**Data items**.

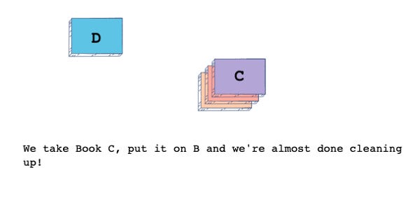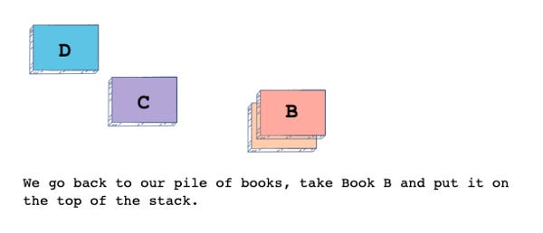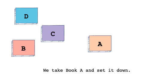 For instance, let’s say we want to take Book A out of the stack. As it stands, it is at the bottom of the stack, so we need to take Book D, put it on the bottom of the stack, and then we need to do the same for Book C and Book B before we can take out Book A.
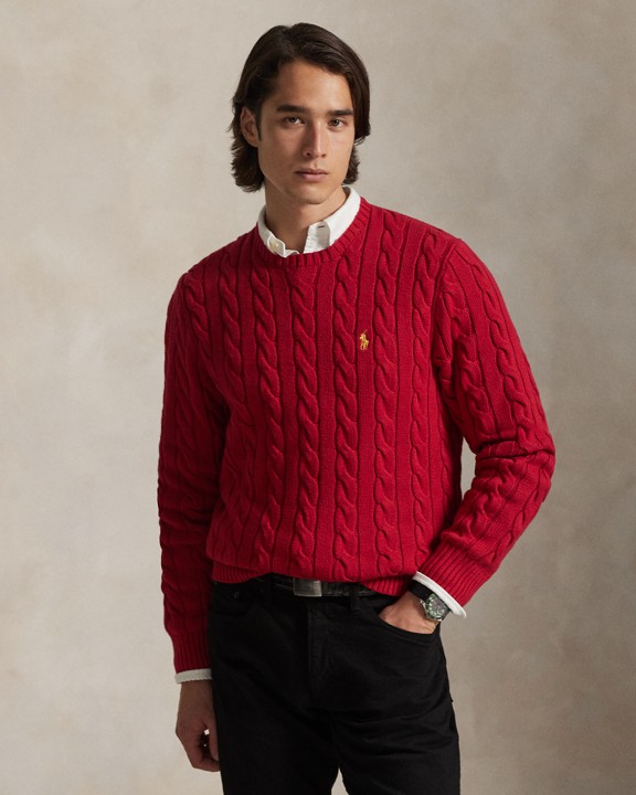 这款绞花编结针织衫属于我们的新年系列,选用柔软的棉质纱线织就,胸前饰有雅致的标志性 Polo 小马刺绣
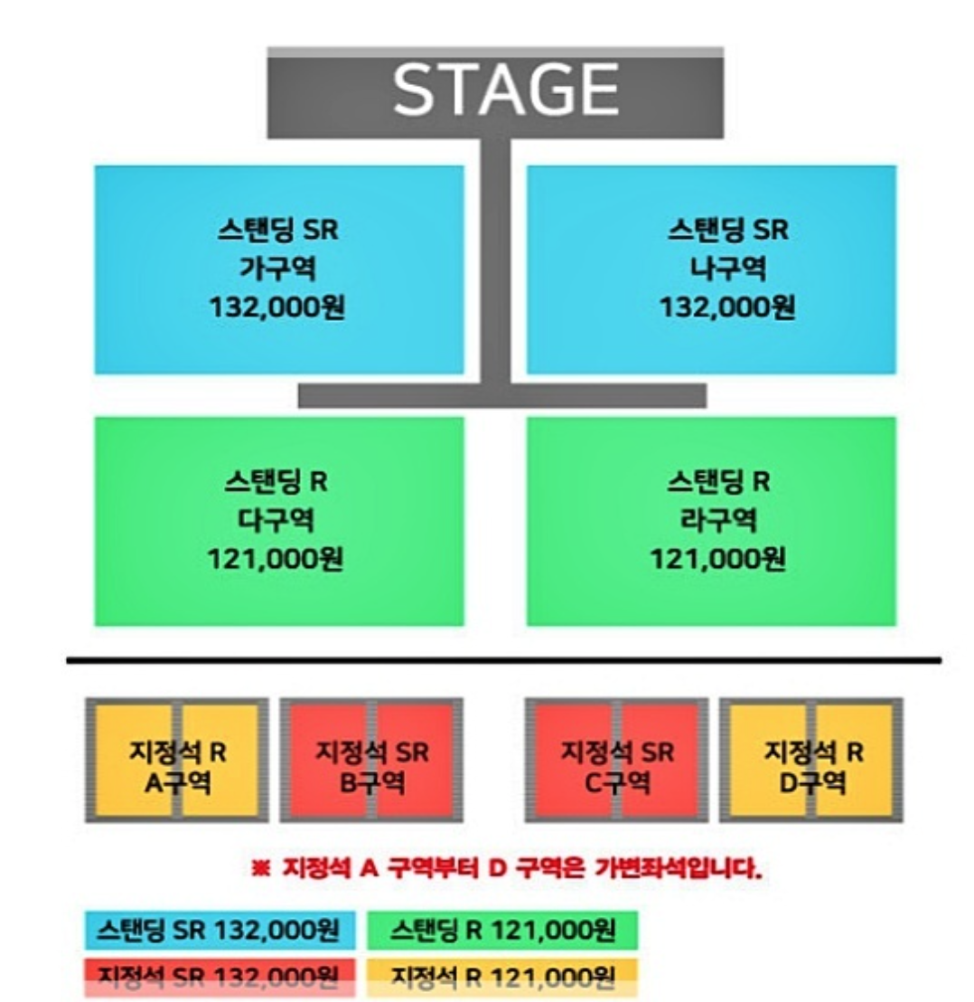 | 스탠딩 SR석 | 132,000원 |
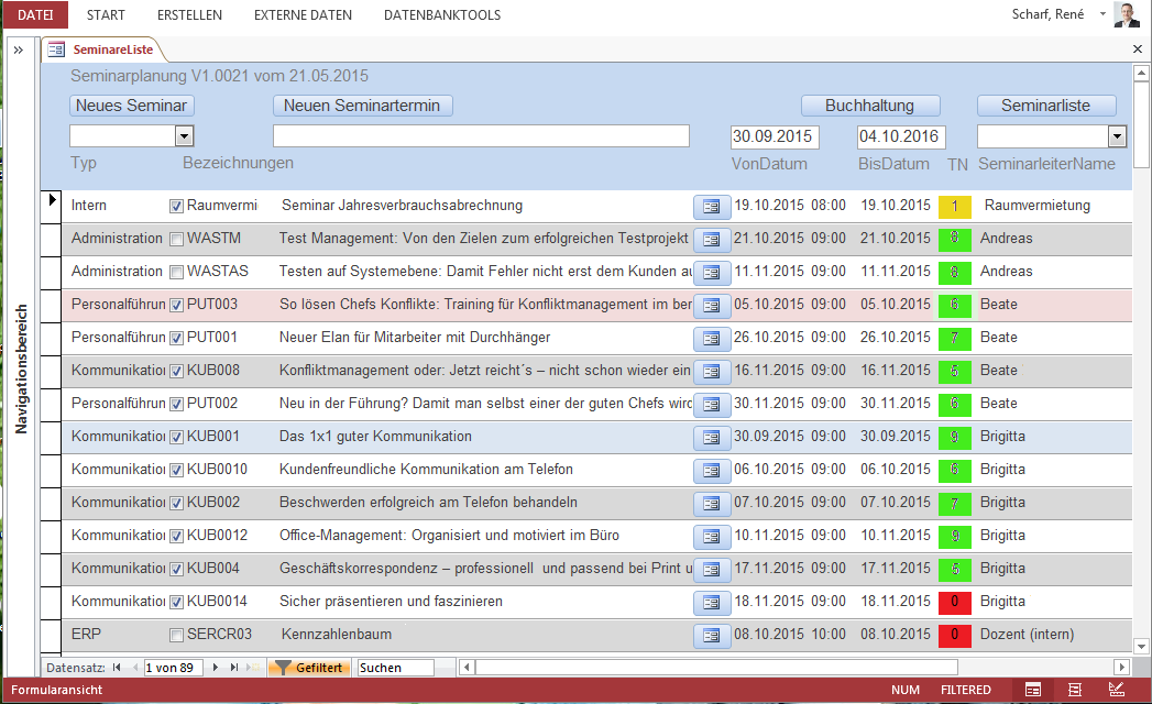 Bei einem Kunden hat man Jahrelang mit Exel, Word und Serienbriefen Veranstaltungen geplant. Das Problem war, dass außer dem Verantwortlichen niemand so recht über Termine, Raum und Recoursenbelegungen aussagekräftig war. Vertretungen waren verunsichert und es bestand damit ein so genanntes Kopfmonopol. Jahrelang hat man nach einem “Perfekten” Veranstaltungsplanungstool gesucht. Die Anforderungen waren zum einen in bestimmten Bereichen so hoch, dass es eher unwahrscheinlich ist eine solche Lösung auch noch zu finden, und wenn, diese dann auch noch bezahlen zu können oder wollen. Und zum anderen waren bestimmte Anforderungen gar nicht klar definierbar, da die Mitarbeiter noch nie mit einem solchen Tool gearbeitet hatten. Wie wurde der Knoten gelockert. Mit einer schlanken kleinen Anwendung die im ersten (kleinen) Schritt das Notwendigste abdeckt und Spielraum für Veränderungen schafft. In diesem Fall auf Basis von Access da die Integration bestehender Daten hier sehr einfach möglich war. Die Prozesszeiten für die Buchung, Buchungsbestätigung und Fakturierung eines Veranstaltungsteilnehmers oder das Controlling von Veranstaltungen wurden mit einfachen Mitteln erheblich reduziert.
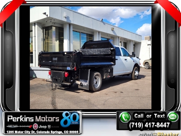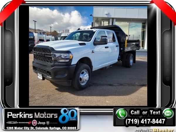 Factory MSRP: $72,090 Bright White Clearcoat 2024 Ram 3500 Tradesman 4WD Aisin 6-Speed Automatic Cummins 6.7L I6 Turbodiesel<br>Knapheide Dump Bed 12 Drop Sides 2.5 Yards.<br>Check us out at www.perkinsmotors.com to see our specials! Since opening our doors in 1944, we’ve been proud to serve Colorado Springs, CO, and the surrounding areas of Pueblo, Castle Rock and Denver, CO. Throughout this time of being family owned for 80 years, we’ve maintained a firm commitment to our customers: to offer a wide selection of New Chrysler, Dodge, Fiat, Jeep, and Ram vehicles and quality pre-owned vehicles, and provide a quick, no-hassle car-buying process that ensures everyone drives off the lot satisfied with their purchase.<br><br>Quick Order Package 2YA Tradesman (Black Exterior Truck Badging, Black Key Fob, Door Sill Scuff Pads, Glove Box, Halogen Quad Headlamps, Map/Courtesy Lamp, Matte Black Grille Surround, Overhead Console, Overhead Cupholder Lamp, and Rear Dome Lamp), 102 mph Maximum Speed, 11.50 Dual Wheels Rear Axle, 115V Auxiliary Power Outlet, 3.73 Axle Ratio, 4-Wheel Disc Brakes, 40/20/40 Split Bench Seat, 400W Inverter, 4G LTE Wi-Fi Hot Spot, 6 Speakers, 6000# Front Axle w/Hub Ext, 8.4 Touchscreen Display, ABS brakes, Air Conditioning, All R1 Low Radios, All Radio-Equipped Vehicles, Apple CarPlay, Bluetooth Handsfree Phone & Audio, Bright Wheel Skins, Center Hub, Compass, Connectivity - US/Canada, Cruise Control, Delay-off headlights, Driver door bin, Dual front impact airbags, Dual Rear Wheels, Electric Shift-On-The-Fly Transfer Case, Electronic Stability Control, Floor Covering Carpet, For Details, Visit DriveUconnect.com, For More Info, Call 800-643-2112, Front & Rear Floor Mats, Front anti-roll bar, Front Bucket Seats, Front License Plate Bracket, Fully automatic headlights, Global Telematics Box Module (TBM), Google Android Auto, GPS Antenna Input, HD Vinyl 40/20/40 Split Bench Seat, Heated door mirrors, Integrated Center Stack Radio, Integrated Voice Command w/Bluetooth, Manual Adjust 4-Way Driver Seat, Manual Adjust 4-Way Front Passenger Seat, Manufacturer's Statement of Origin, Occupant sensing airbag, Outside temperature display, Overhead console, Passenger door bin, Passenger vanity mirror, Power 2-Way Driver Lumbar Adjust, Power door mirrors, Power steering, Power windows, Radio data system, Radio: Uconnect 3 w/5 Display, Radio: Uconnect 5 w/8.4 Display, Rear anti-roll bar, Rear Folding Seat, Remote Keyless Entry, Remote USB Port - Charge Only, SiriusXM Radio Service, SiriusXM Satellite Radio, Storage Tray, Tachometer, Temperature & Compass Gauge, Tilt steering wheel, Tow Hooks, Traction control, Trailer Brake Control, Trailer Light Check, Turn signal indicator mirrors, Variably intermittent wipers, Voltmeter, Wheels: 17 x 6.0 Argent Steel, and Wheels: 18 x 8.0 SteeL. Price includes $18,995 in dealer added accessories.
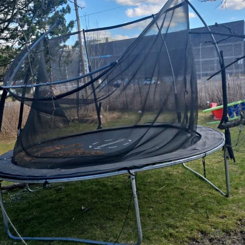 4.57m oval trampoline 2 år gammel
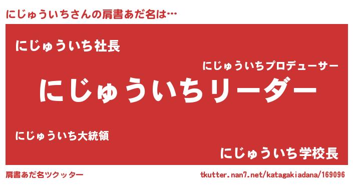 | ポケモン風あだ名 | 『ヒニジュウイチ』『ニジチュウ』 |
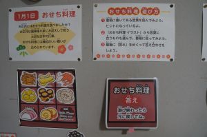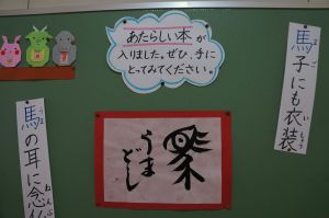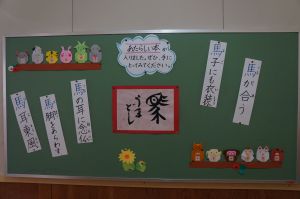 3学期が始まって一週間、校舎の中には1月らしい掲示物が飾られています。保健室前には、おせち料理や七草がゆなどの1月の食文化について、クイズ形式で学べるもの。小さな図書室前には、折り紙の十二支(とてもかわいい!)に囲まれた、味わいある書や馬の字の入ったことわざが掲示されています。養護の先生、学校司書の先生による掲示物から、新しい年の雰囲気が感じられ、思わず立ち止まって見てしまいます。
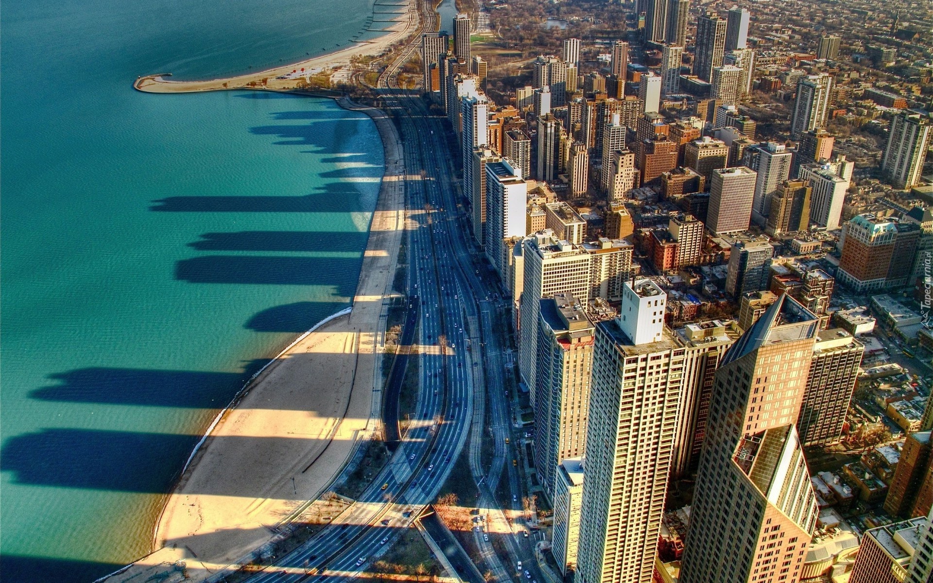 Edytor tapety: Drapacze, Chmur, Miasto, Brzeg

**About this exercise**.
What you write must match, line for line, the lines from the one with "ポケモン風あだ名 | 『ヒニジュウイチ』『ニジチュウ』 |" through the last line of the data above, minus the pictures.

**Task solution**.
 | ポケモン風あだ名 | 『ヒニジュウイチ』『ニジチュウ』 |
 3学期が始まって一週間、校舎の中には1月らしい掲示物が飾られています。保健室前には、おせち料理や七草がゆなどの1月の食文化について、クイズ形式で学べるもの。小さな図書室前には、折り紙の十二支(とてもかわいい!)に囲まれた、味わいある書や馬の字の入ったことわざが掲示されています。養護の先生、学校司書の先生による掲示物から、新しい年の雰囲気が感じられ、思わず立ち止まって見てしまいます。
 Edytor tapety: Drapacze, Chmur, Miasto, Brzeg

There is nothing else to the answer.